> _DIRECTIONS_
No pictures should appear. The lines from the beginning of the listing through the one holding "Auf dem Gelände" must be reproduced exactly, and nothing more.

> _DATA EXTRACT_
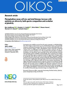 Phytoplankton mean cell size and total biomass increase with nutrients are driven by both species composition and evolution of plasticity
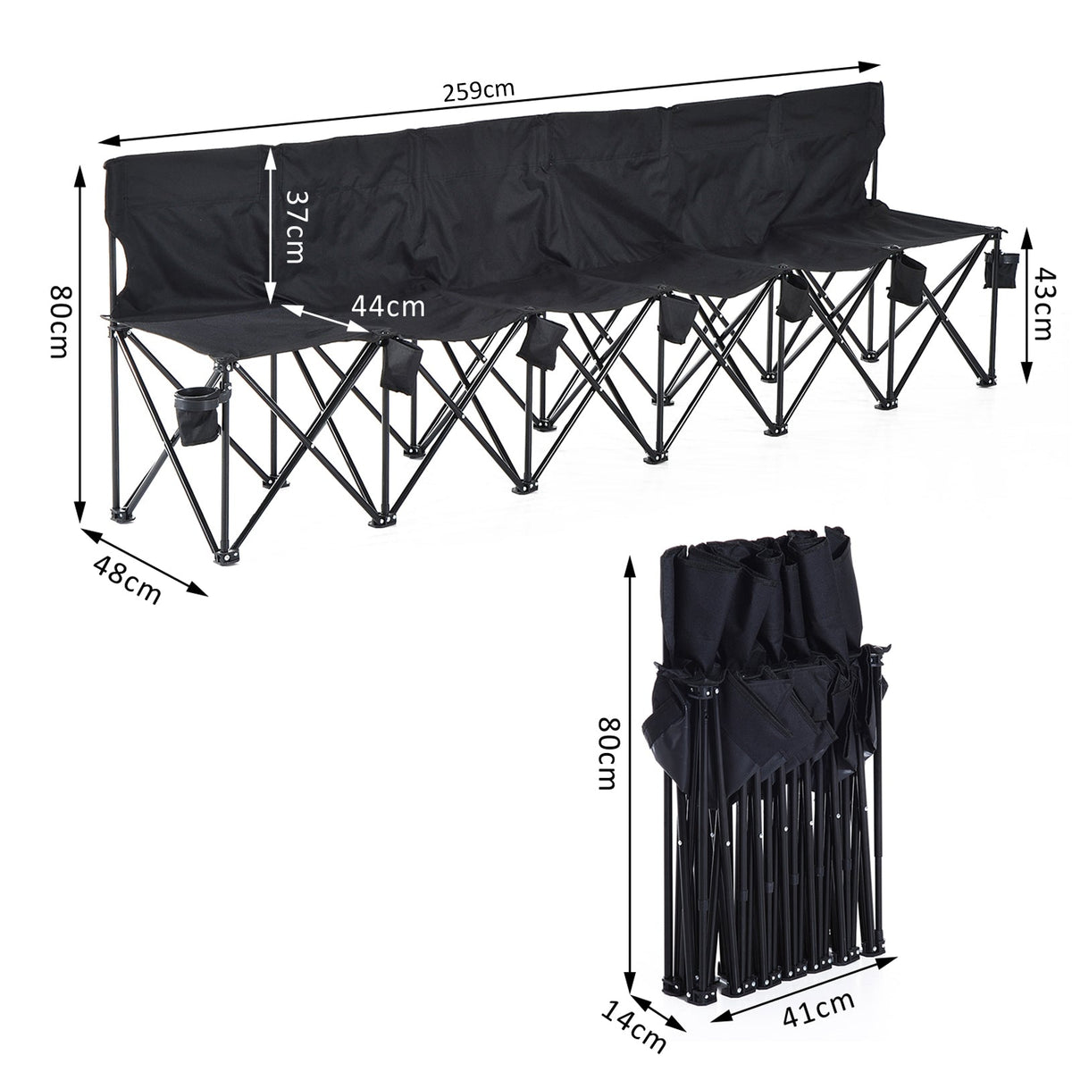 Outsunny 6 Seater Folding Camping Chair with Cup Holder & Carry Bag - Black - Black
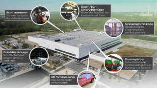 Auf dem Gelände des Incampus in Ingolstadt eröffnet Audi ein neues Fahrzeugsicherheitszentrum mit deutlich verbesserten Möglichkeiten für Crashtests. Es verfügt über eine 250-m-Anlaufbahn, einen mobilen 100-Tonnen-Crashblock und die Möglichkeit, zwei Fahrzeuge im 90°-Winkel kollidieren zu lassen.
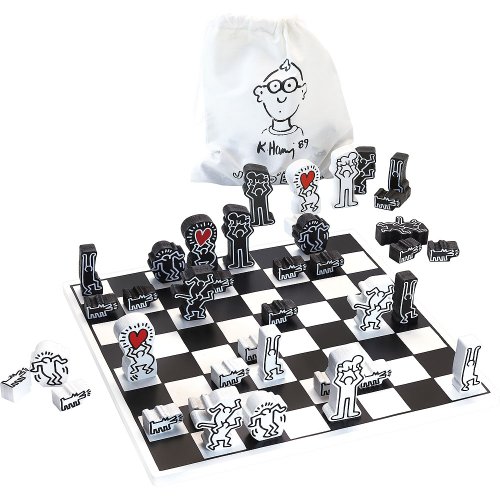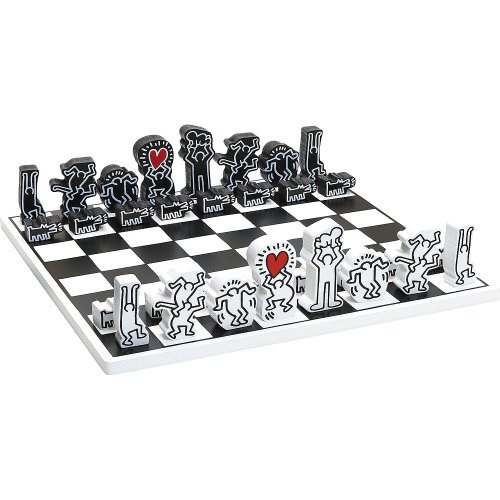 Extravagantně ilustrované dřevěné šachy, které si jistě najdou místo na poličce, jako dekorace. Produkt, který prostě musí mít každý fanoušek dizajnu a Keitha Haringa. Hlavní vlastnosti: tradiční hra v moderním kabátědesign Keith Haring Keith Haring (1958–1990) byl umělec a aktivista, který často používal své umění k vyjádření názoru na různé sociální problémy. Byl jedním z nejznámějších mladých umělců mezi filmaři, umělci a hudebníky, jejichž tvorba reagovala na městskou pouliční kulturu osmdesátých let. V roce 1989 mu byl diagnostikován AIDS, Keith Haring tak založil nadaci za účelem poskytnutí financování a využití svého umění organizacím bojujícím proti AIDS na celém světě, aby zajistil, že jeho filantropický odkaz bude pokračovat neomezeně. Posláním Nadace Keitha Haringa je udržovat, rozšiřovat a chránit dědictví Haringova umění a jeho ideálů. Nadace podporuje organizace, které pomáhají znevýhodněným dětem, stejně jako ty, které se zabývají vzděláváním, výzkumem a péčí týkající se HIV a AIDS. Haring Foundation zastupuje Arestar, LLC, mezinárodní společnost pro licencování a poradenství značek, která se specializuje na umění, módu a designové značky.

> _TASK SOLUTION_
 Phytoplankton mean cell size and total biomass increase with nutrients are driven by both species composition and evolution of plasticity
 Outsunny 6 Seater Folding Camping Chair with Cup Holder & Carry Bag - Black - Black
 Auf dem Gelände des Incampus in Ingolstadt eröffnet Audi ein neues Fahrzeugsicherheitszentrum mit deutlich verbesserten Möglichkeiten für Crashtests. Es verfügt über eine 250-m-Anlaufbahn, einen mobilen 100-Tonnen-Crashblock und die Möglichkeit, zwei Fahrzeuge im 90°-Winkel kollidieren zu lassen.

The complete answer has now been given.